De huurachterstand rechtvaardigt de gevorderde ontruiming aangezien deze achterstand al vanaf juli 2019 is opgebouwd. De kantonrechter zal ook deze vordering toewijzen. De vordering tot betaling van toekomstige huurtermijnen zal beperkt worden toegewezen aangezien op dit moment onzeker is wanneer de ruimte aan een derde verhuurd kan worden.
5.5.
Voor zover machtiging tot gedwongen ontruiming wordt gevorderd, is die vordering niet toewijsbaar. Indien noodzakelijk voor de tenuitvoerlegging van dit vonnis, kan de deurwaarder met inachtneming van het bepaalde in de artikelen 555 e.v.
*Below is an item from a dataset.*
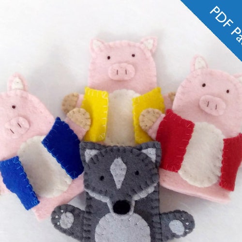Pattern Three Little Pigs And The Big Bad Wolf Felt Finger Etsy
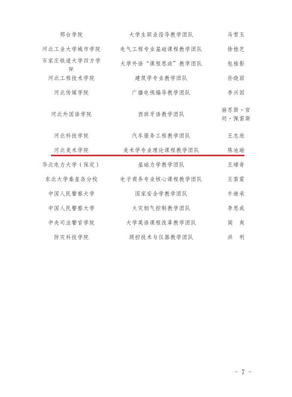 近日,河北省教育厅下发《河北省教育厅关于公布2019 年河北省普通本科院校教学名师和优秀教学团队名单的通知》(冀教高函〔2019〕44 号)。2019年河北省普通本科院校共评出优秀教学团队56个、教学名师63名。beat365官网美术学专业理论课程教学团队获评为河北省普通本科院校优秀教学团队,董小龙副教授荣获2019年河北省教学名师荣誉称号。

Wetboek van Burgerlijke Rechtsvordering zonder toestemming van de bewoner / gebruiker het betreffende pand betreden en ontruimen.
5.6.
De gevorderde buitengerechtelijke incassokosten en rente zullen eveneens worden toegewezen nu [gedaagde] daartegen evenmin verweer heeft gevoerd.
5.7.
De proceskosten komen voor rekening van [gedaagde] , omdat hij ongelijk krijgt. Daarbij wordt [gedaagde] ook veroordeeld tot betaling van € 120,00 aan nasalaris, voor zover daadwerkelijk nakosten door Hoorne Vastgoed worden gemaakt.

6.De beslissing

De kantonrechter:
6.1.
veroordeelt [gedaagde] binnen 14 dagen na betekening van dit vonnis tot betaling aan Hoorne Vastgoed van € 5.032,79, te vermeerderen met de wettelijke handelsrente over € 4.948,68 vanaf 9 april 2020 tot aan de dag van de gehele betaling;
6.2.
veroordeelt [gedaagde] binnen 14 dagen na betekening van dit vonnis tot betaling aan Hoorne Vastgoed van € 2.100,00 wegens contractueel verschuldigde boetes, alsmede tot betaling van een bedrag van € 563,10 wegens gemaakte buitengerechtelijke incassokosten;
6.3.
veroordeelt [gedaagde] het gehuurde binnen 3 dagen na betekening van dit vonnis te ontruimen en het gehuurde leeg en ontruimd, bezemschoon en onder afgifte van alle sleutels aan Hoorne Vastgoed ter beschikking te stellen;
6.4.
veroordeelt [gedaagde] - zolang [gedaagde] het gehuurde in gebruik houdt- voor iedere maand, of gedeelte daarvan, aan Hoorne Vastgoed uiterlijk vóór de eerste van iedere betreffende maand een bedrag te voldoen van € 567,65;
6.5.
veroordeelt [gedaagde] tot betaling van de proceskosten, die de kantonrechter aan de kant van Hoorne Vastgoed tot en met vandaag vaststelt op:
dagvaarding € 88,14
griffierecht € 83,00
salaris gemachtigde € 480,00 ;
6.6.
veroordeelt [gedaagde] tot betaling van € 120,00 aan nasalaris, voor zover daadwerkelijk nakosten door Hoorne Vastgoed worden gemaakt.
6.7.
verklaart dit vonnis uitvoerbaar bij voorraad;
6.8.
wijst de vordering voor het overige af.
Dit vonnis is gewezen door mr. A.E. Merkus en op bovengenoemde datum in het openbaar uitgesproken in aanwezigheid van de griffier.